▸ **About this exercise**:
Below is a listing with pictures in it; transcribe exactly the lines from the one that has "พญาครุฑพุทธบูชา (รุ่น 2)" through the one that has "リネンレーヨンにストレッチ性", and omit those pictures.
--- Records to use Enclosed Below ---
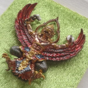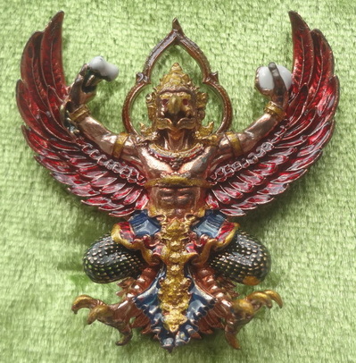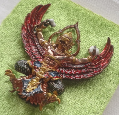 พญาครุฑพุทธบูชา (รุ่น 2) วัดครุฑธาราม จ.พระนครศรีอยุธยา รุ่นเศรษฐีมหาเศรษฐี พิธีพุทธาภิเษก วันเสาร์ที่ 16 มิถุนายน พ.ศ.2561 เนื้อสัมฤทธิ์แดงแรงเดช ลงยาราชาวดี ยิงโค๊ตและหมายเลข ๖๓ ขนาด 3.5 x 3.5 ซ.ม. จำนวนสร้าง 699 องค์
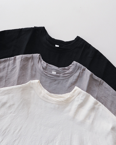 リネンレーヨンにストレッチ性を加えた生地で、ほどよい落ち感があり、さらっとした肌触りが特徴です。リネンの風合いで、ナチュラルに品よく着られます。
--- End of Enclosed Records to use ---
--- Records to use Enclosed Below ---
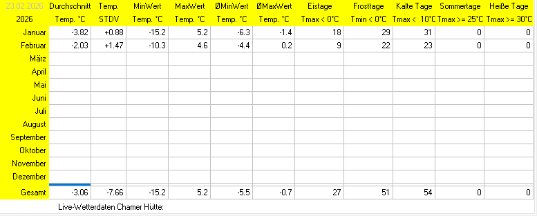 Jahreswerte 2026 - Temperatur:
--- End of Enclosed Records to use ---
▸ **Written answer**:
 พญาครุฑพุทธบูชา (รุ่น 2) วัดครุฑธาราม จ.พระนครศรีอยุธยา รุ่นเศรษฐีมหาเศรษฐี พิธีพุทธาภิเษก วันเสาร์ที่ 16 มิถุนายน พ.ศ.2561 เนื้อสัมฤทธิ์แดงแรงเดช ลงยาราชาวดี ยิงโค๊ตและหมายเลข ๖๓ ขนาด 3.5 x 3.5 ซ.ม. จำนวนสร้าง 699 องค์
 リネンレーヨンにストレッチ性を加えた生地で、ほどよい落ち感があり、さらっとした肌触りが特徴です。リネンの風合いで、ナチュラルに品よく着られます。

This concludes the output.